Step 5: Scaling & Production

Scaling Strategy

Layer Technique
WebSocket gateways Horizontal scale + consistent hashing; drain on deploy
Kafka Partition by conversation_id; scale consumers with partitions
Cassandra Add nodes; watch partition size; use leveled compaction where appropriate
Redis Cluster mode; hash tags carefully for multi-key ops
Object storage CDN for media; lifecycle policies

Sticky sessions - LB uses hash of user_id or connection token to pin to gateway for cache locality. - Still design for loss: gateways fail.

Database sharding - Shard messages by conversation_id (not user_id) to preserve conversation locality.
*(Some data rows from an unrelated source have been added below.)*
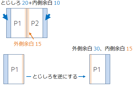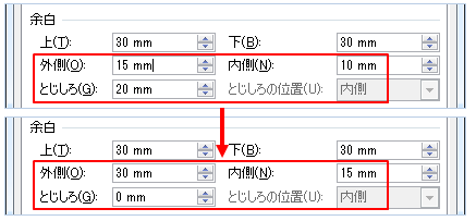 「余白」タブで「とじしろ」を0にし、とじしろ+内側余白を外側余白にする
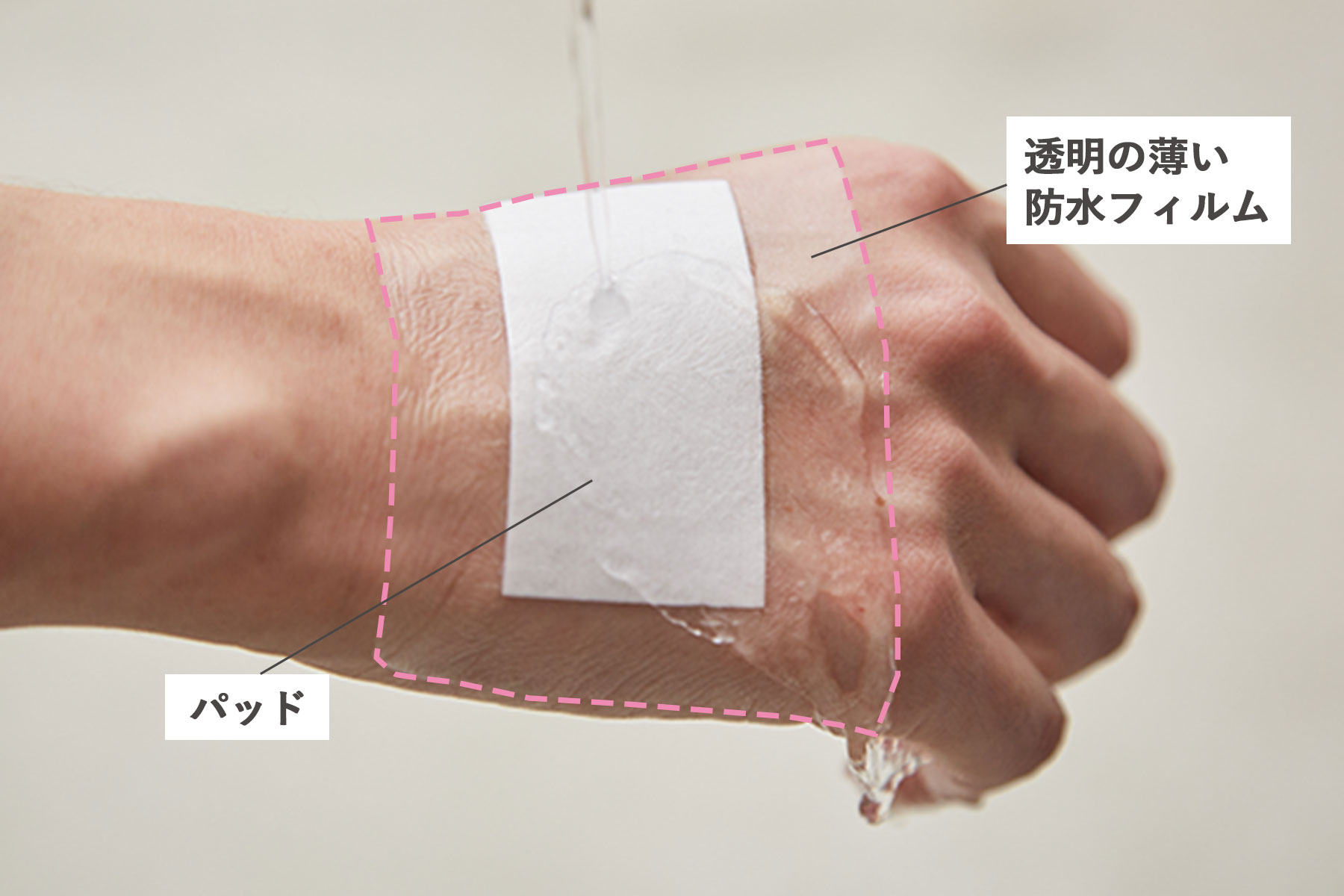 ご家庭で使用されている一般的な絆創膏だと、大きいサイズのものがなかったり、シャワーの際にすぐはがれてきたりしませんか。そんな時に医療施設で使用されているのは、透明の薄い防水フィルムにパッドが付いたタイプの大型絆創膏です。
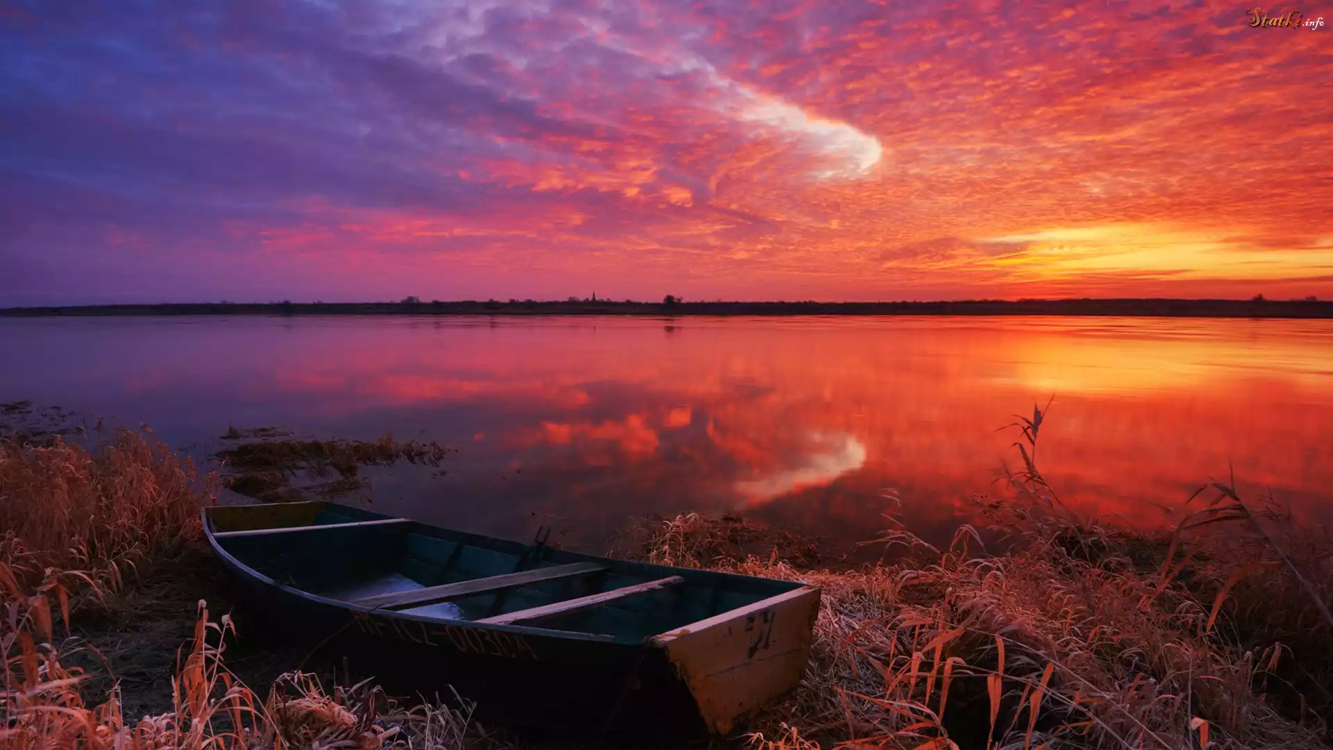 Statek Rzeka, Łódka, Szuwary, Zachód słońca

Geographic distribution - Multi-region active-active is hard for ordering. Common patterns: - Regional home for conversation (single writer region) - Global load balancing for connections; cross-region replication async

Failure Handling

Failure Mitigation
Gateway crash Client reconnect with exponential backoff + jitter
Broker hiccup Producer retries; idempotent producer settings
Slow consumer Autoscale consumers; lag alerts
Hot partition Split conversation; special-case celebrity channels

Monitoring

Metric Why
Active WebSocket connections Capacity planning
Message publish lag Kafka health
End-to-end latency P95/P99 User experience
Delivery success rate Push + realtime path
Idempotency duplicate rate Client retry behavior
Presence fan-out queue depth Backpressure signal

Interview Tips

Common Follow-Ups

Question Strong answer direction
Exactly-once? End-to-end: at-least-once + dedupe + idempotent handlers; explain limits
Ordering Per-partition ordering in Kafka; per conversation total order in UI via server ids
Large groups Fan-out on read, edge caches, segmented pipelines; avoid O(N) inline
Search Separate index (OpenSearch), ingestion from Kafka, ACLs
Multi-device Per-device cursor; read receipts per device; session registry
Abuse Rate limits, reporting, hash-only server scanning if not E2EE

Trade-Off Cheat Sheet

Choice Pick A Pick B
Storage Cassandra write path Relational simplicity
Fan-out On write (low latency to readers) On read (write cheap)
Presence Redis TTL Gossip (complex)
Push Collapse notifications One push per msg

Sample dialogue (short)

Interviewer: “Design WhatsApp.” You: Clarify group size, E2EE, regions. Interviewer: “Hundreds per group; no E2EE.” You: Walk through WebSocket gateways → stateless chat service → Kafka (partition by conversation_id) → Cassandra + Redis; at-least-once + client dedupe; fan-out on write for modest groups; push with collapse when offline. Offer deep dives: storage, presence, or hot partitions.


Interview Checklist

  • Clarified group scale, regions, E2EE, media
  • Estimated QPS, storage, connections, fan-out
  • Drew gateways, queue, message store, presence cache, push
  • Explained WebSocket lifecycle + reconnect
  • Addressed ordering per conversation and Kafka partitions
  • Covered idempotency + at-least-once
  • Contrasted fan-out on write vs read for groups
  • Discussed monitoring and failure modes

Summary

Component Technology Rationale
Realtime transport WebSockets Bidirectional, low latency
Ingress Load balancer + gateway pool Scale connections; sticky hash
Ordering / async Kafka / Pulsar Durable fan-out; partition by conversation
Messages Cassandra / Scylla / Dynamo Write-heavy, time series friendly
Presence / routing Redis TTL heartbeats; pub/sub fan-out
Media Object storage + CDN Offload large payloads
Push FCM + APNs Mobile background delivery

Chat systems combine stateful networking, durable logs, and careful delivery semantics. The interview-winning move is to narrate fan-out, ordering, and idempotency clearly—and to show you know where WhatsApp-scale differs from a startup MVP.